The training results were:

Epoch 8/10
50000/50000 [==============================] - 27s - loss: 0.1455 - acc: 0.9561
Epoch 9/10
50000/50000 [==============================] - 27s - loss: 0.1390 - acc: 0.9590
Epoch 10/10
50000/50000 [==============================] - 27s - loss: 0.1349 - acc: 0.9600

This time we obtained 73.33% accuracy. It's not hard to see that this process can be iterated. Repeating it once more yielded 73.33% accuracy, the second time 73.47%... As expected, it converges to a stable value. I repeated it 5 more times, and it stabilized at 73.48%.

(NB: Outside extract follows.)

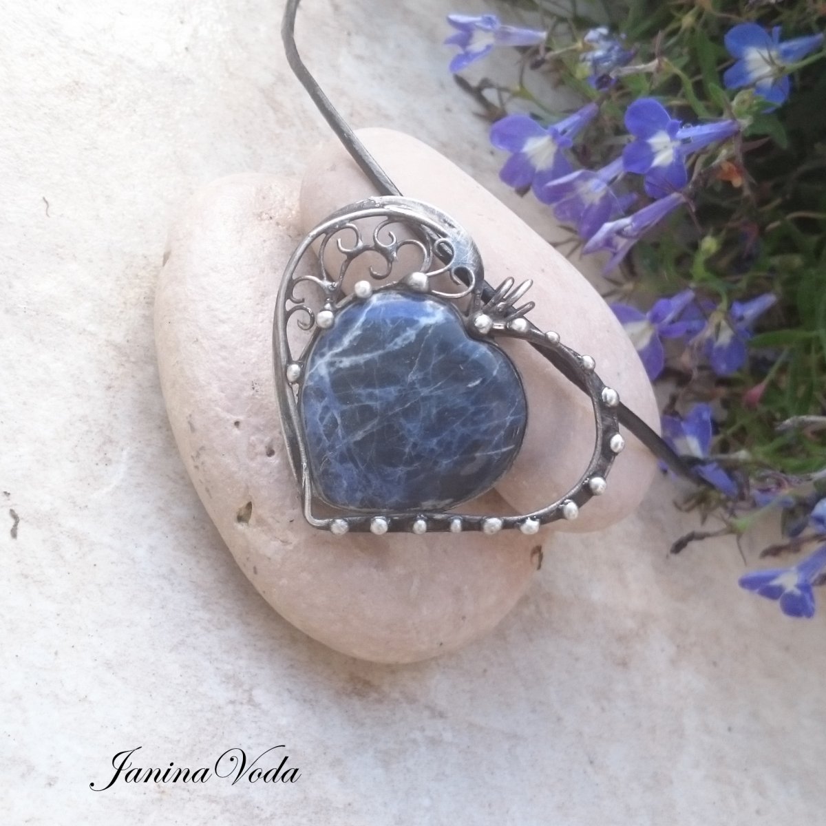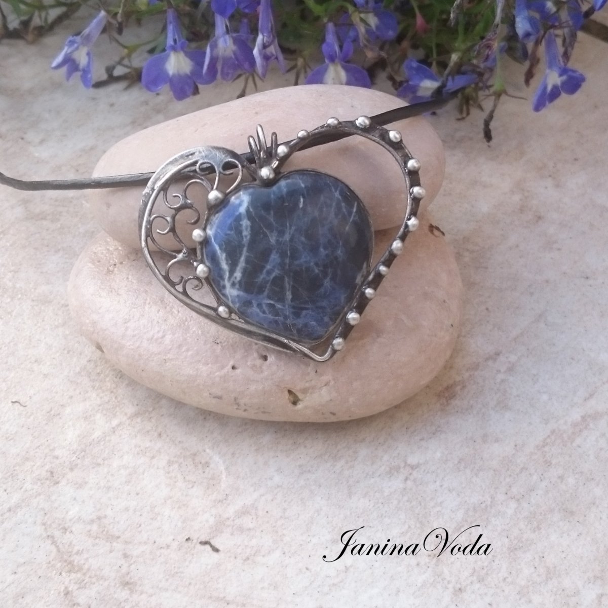 Cínovaný, patinovaný, následně leštěný náhrdelník z krásného pravidelného srdíčka sodalitu. Náhrdelník je patinovaný, leštěný a ošetřený antioxidačním přípravkem.

From the initial 73.04% to 73.48% after transfer learning, there is an improvement of about 0.44%. It doesn't look like much, but for students participating in competitions or writing papers, a 0.44% improvement is something worth writing about.

Review

As mentioned at the beginning of the article, this was a somewhat unsuccessful attempt—it is a "bootleg" version, after all—so please don't get too hung up on the low accuracy. Based on the experimental results of this article, this scheme is viable. Training a language model through vast amounts of sentiment-mixed corpora can indeed extract text features effectively, which is similar to the process of autoencoding in images.

This implementation was kept simple, without fine-tuning hyperparameters. The potential improvements roughly include: increasing the scale of the language model, adding more sentiment corpora (only sentiment reviews are needed, no labels required), and optimizing training details. I will leave that for now.